I forget the equation for this problem... some help?
Join Date: Jan 2008
Posts: 4
I think this problem is pretty simple, just haven't done this kind of math in a while. Anyway, here's the problem.
You get 6 dice. Each dice has 6 sides. Numbered 1-2-3-4-5-6. The dice are put in a cup, shaken, and then dumped onto a table. What are the odds/ % chance that all the die fall on the same number. Let's say it costs $1 for 2 rolls, how much money would you have to win on your $1 wager for this to be profitable.
Thanks in advance to any reply's if you could show the equation i'd appreciate it.
Join Date: Jul 2004
Posts: 483
It's late, but I'll take a stab.
(1/number of sides)^(number of dice) would give you chances of say 111111.
(1/6)^6 = 0.000021433 or about 46656-1. But adding 222222, 333333, etc....to your slim chances would be like 7776-1. For $0.50/roll, they should offer close to $3900 for any six dice matching.
Let's check with with two dice, chance to throw: 11, 22, 33, etc...
(1/6)^2 = 0.0277778 for say 11. Times 6 for 22,33,44...would be 0.166667 or 1/6, which would make sense. For two dice that match, they should pay $3 for a $0.50 shot that matches two dice (or $2.50 + return your $0.50).

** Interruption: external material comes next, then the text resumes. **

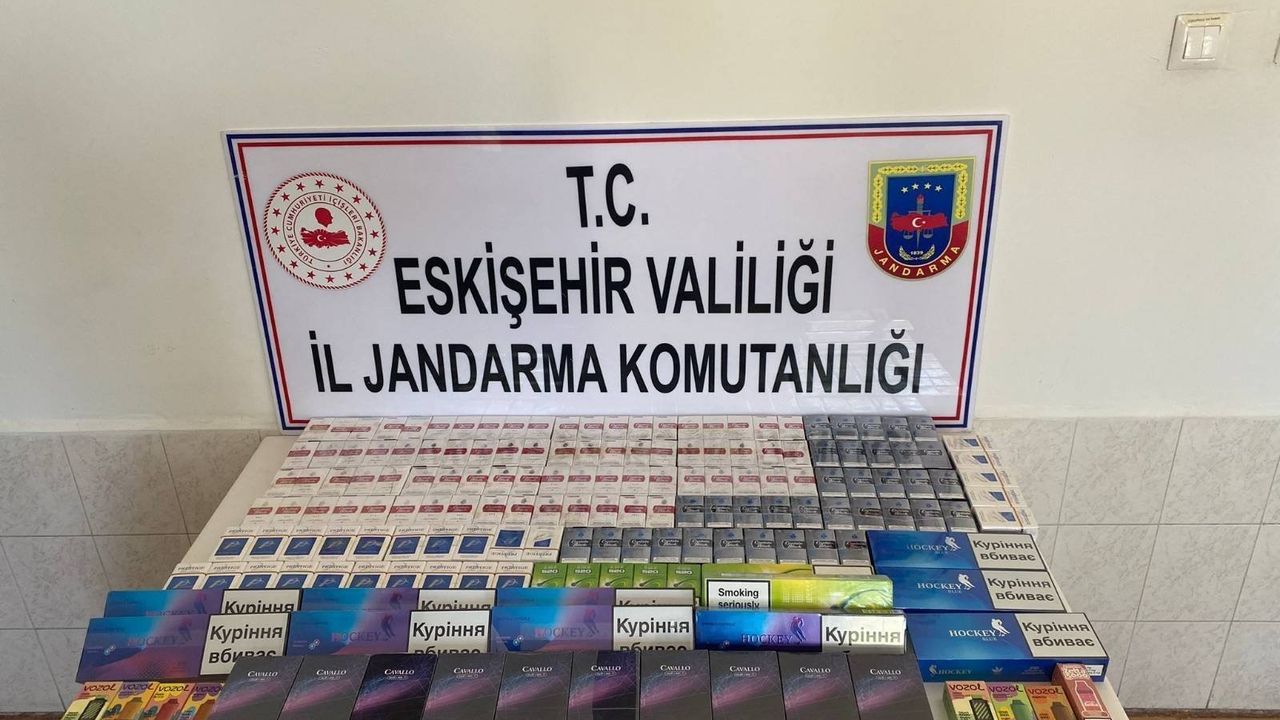 Eskişehir’de jandarma ekiplerinin çalışması sonucunda bir şüphelinin aracında 500 paket bandrolsüz ve hologramsız sigara, 8 adet kaçak elektronik sigara ele geçirildi.

Last edited by bbarker703; 01-25-2008 at 02:30 AM.
Join Date: Jul 2007
Posts: 7,474
Each die has 6 possible values.
There are 6 die.
The total number of outcomes is 6^6.
Only one of those shows a '1' on all the dice.
So the probability of all dice showing a '1' is 1 out of (6^6).
The probability that all dice show the same number (where that number can be 1,2,3,4,5, or 6) must be 6 x (1 out of (6^6))
which = 1 out (6^5) = 1 out of 7776
You'd need to be getting odds of 7775 - 1 to breakeven.
At $0.50 a roll, the prize would have to be at least $3888.
I think that's right.
Join Date: Jan 2008
Posts: 4
looks good to me as well, thanks a lot guys.